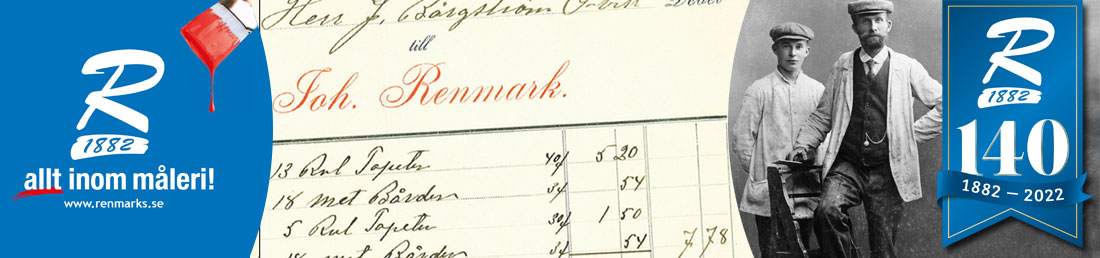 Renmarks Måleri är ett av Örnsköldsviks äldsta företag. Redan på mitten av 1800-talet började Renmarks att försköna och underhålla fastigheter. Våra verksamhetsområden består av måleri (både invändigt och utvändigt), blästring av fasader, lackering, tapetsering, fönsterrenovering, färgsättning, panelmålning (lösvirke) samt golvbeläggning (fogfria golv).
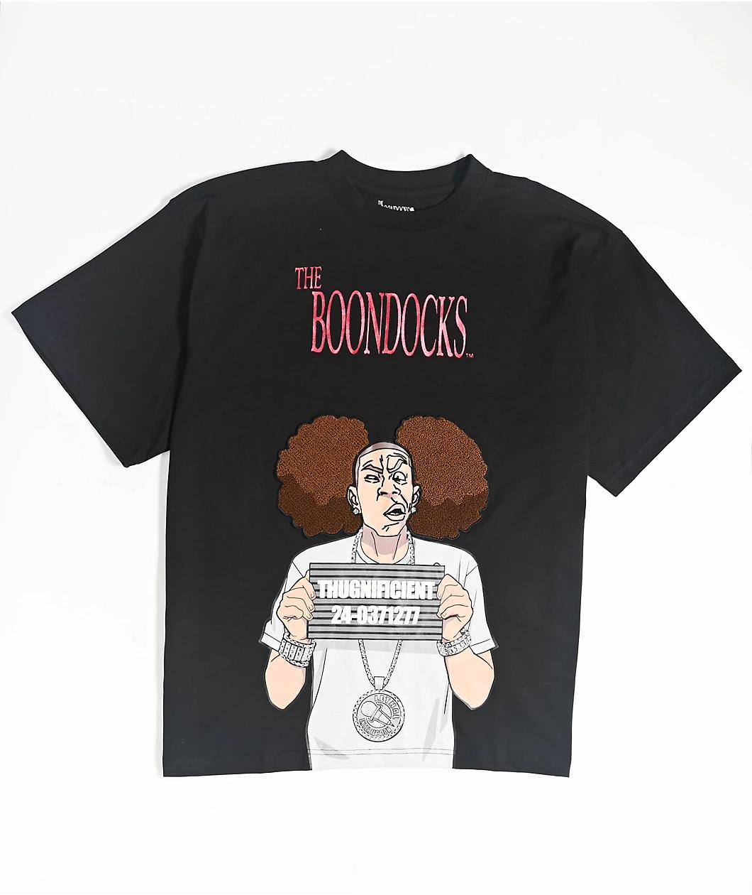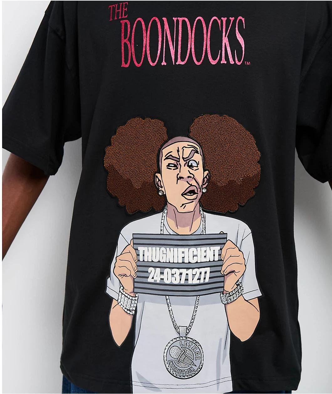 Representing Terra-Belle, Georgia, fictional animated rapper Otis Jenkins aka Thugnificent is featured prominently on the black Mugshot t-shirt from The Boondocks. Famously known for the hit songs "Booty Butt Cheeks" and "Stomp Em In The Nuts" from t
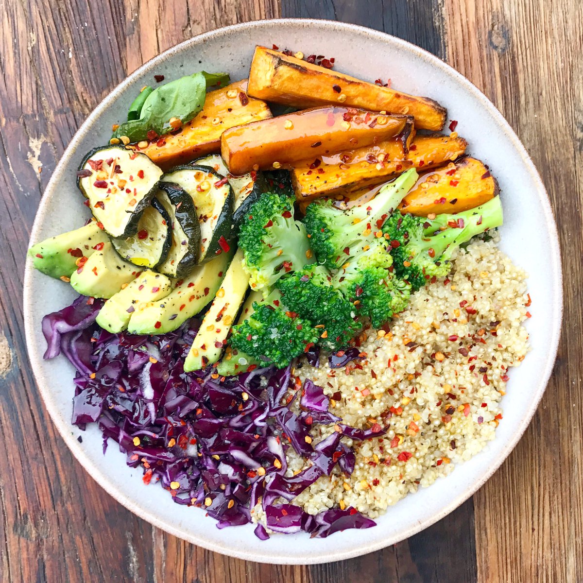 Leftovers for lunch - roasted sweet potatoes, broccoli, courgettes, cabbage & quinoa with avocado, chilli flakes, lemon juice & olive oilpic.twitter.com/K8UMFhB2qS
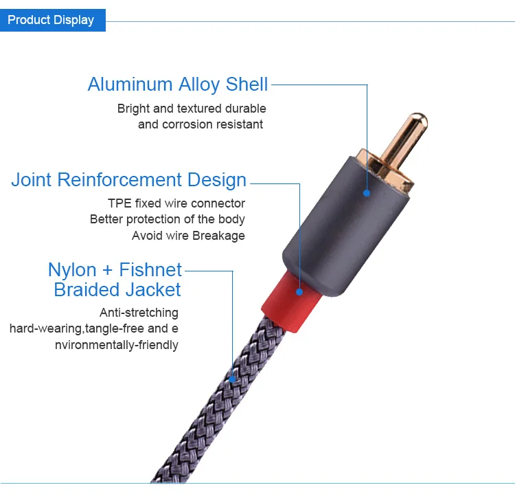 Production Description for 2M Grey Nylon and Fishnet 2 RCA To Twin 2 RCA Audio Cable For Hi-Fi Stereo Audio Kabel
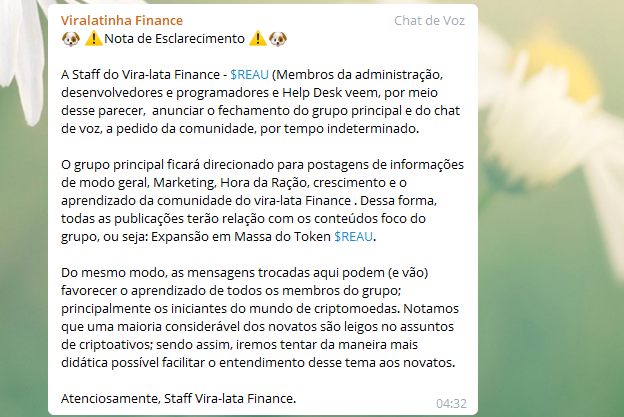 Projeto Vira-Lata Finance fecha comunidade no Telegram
········
**EXERCISE INSTRUCTIONS:** Transcribe the whole of the data exactly, minus any pictures.

**RESPONSE BOX:**
 Renmarks Måleri är ett av Örnsköldsviks äldsta företag. Redan på mitten av 1800-talet började Renmarks att försköna och underhålla fastigheter. Våra verksamhetsområden består av måleri (både invändigt och utvändigt), blästring av fasader, lackering, tapetsering, fönsterrenovering, färgsättning, panelmålning (lösvirke) samt golvbeläggning (fogfria golv).
 Representing Terra-Belle, Georgia, fictional animated rapper Otis Jenkins aka Thugnificent is featured prominently on the black Mugshot t-shirt from The Boondocks. Famously known for the hit songs "Booty Butt Cheeks" and "Stomp Em In The Nuts" from t
 Leftovers for lunch - roasted sweet potatoes, broccoli, courgettes, cabbage & quinoa with avocado, chilli flakes, lemon juice & olive oilpic.twitter.com/K8UMFhB2qS
 Production Description for 2M Grey Nylon and Fishnet 2 RCA To Twin 2 RCA Audio Cable For Hi-Fi Stereo Audio Kabel
 Projeto Vira-Lata Finance fecha comunidade no Telegram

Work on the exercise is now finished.